Singapore ha inviato un petrodactyl appollaiato in cima a una scintillante torre di 48 piani nel distretto finanziario di San Francisco: “il tipo di asset trofeo che ogni fondo sovrano cerca”. I tassi degli uffici di San Francisco sono già saliti del 27% in un trimestre e sono destinati a salire di un altro 8-12%. Le principali città negli Stati Uniti e in Europa sono considerate mercati di prima qualità perché stabili e ad alto reddito. Al contrario, i rendimenti dei titoli del Tesoro decennali erano solo dell’1,79% nel 2012, rispetto al 4,6% dei rendimenti degli immobili ad uso ufficio a New York. È, come si dice, una scelta ovvia.

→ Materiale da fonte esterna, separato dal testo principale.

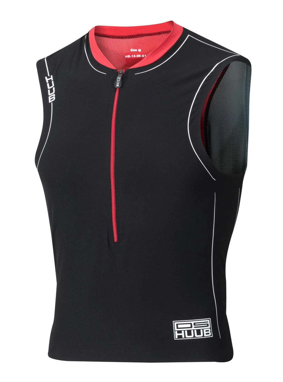 In the same collection as the Dave Scott tri-suit but offered as a separate singlet – the lack of sleeves allows this piece to be worn during WTC events where sleeves are not permitted.
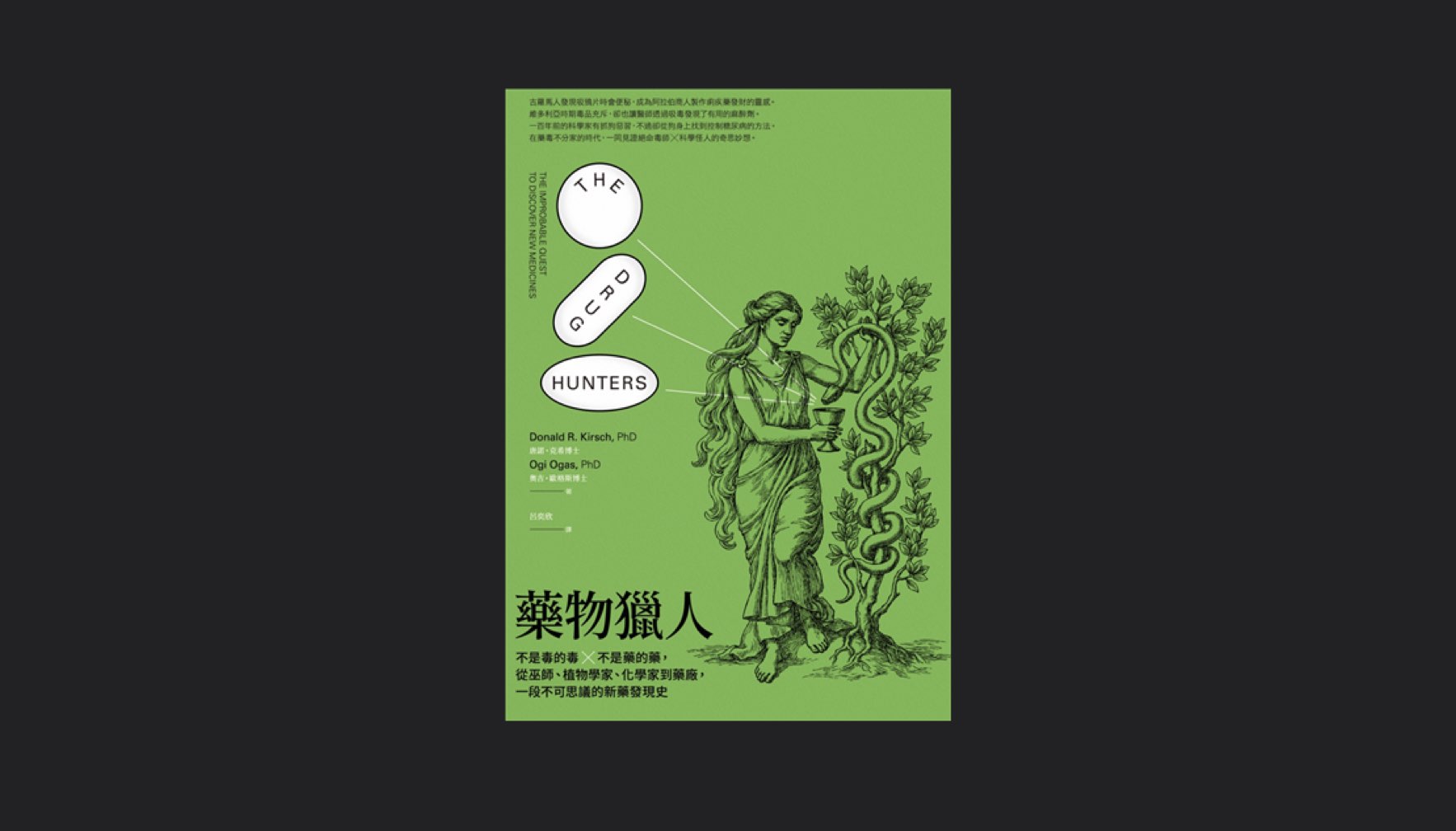 本書作者唐諾・克希(Donald R. Kirsch)曾在惠氏、氰胺、施貴寶和坎布利亞等藥廠擔任主任、研究團隊領導者與首席科學家,目前在哈佛終身教育學院教授藥物搜尋課程。作者不但博學,他那近四十年的藥物研發經歷,更讓讀者一窺製藥產業的秘辛。再加上奧吉・歐格斯(Ogi Ogas)這位專職科普作家,讓本書既容易閱讀又不失專業。

Petrodattili: se i produttori di petrolio li rifiutano, i consumatori li scaricano e le nazioni del terzo mondo li evitano, c’è un solo posto in cui questi polli cresciuti possono tornare a casa appollaiati: i paesi imperialisti che hanno generato le valute globali. L’afflusso di denaro una tantum farà salire i prezzi delle case, ma lascerà le generazioni future in balia della proprietà aziendale. Gli affitti futuri pagati agli investitori stranieri prosciugheranno la valuta dalla circolazione, riducendo il reddito. I beni commerciali a cui abbiamo potuto accedere producendo solo dollari andranno altrove. La misura in cui dipendiamo da una schiavitù invisibile, che è l’elefante nella stanza, verrà svelata.

Benvenuti nel coraggioso nuovo mondo della petropocalisse.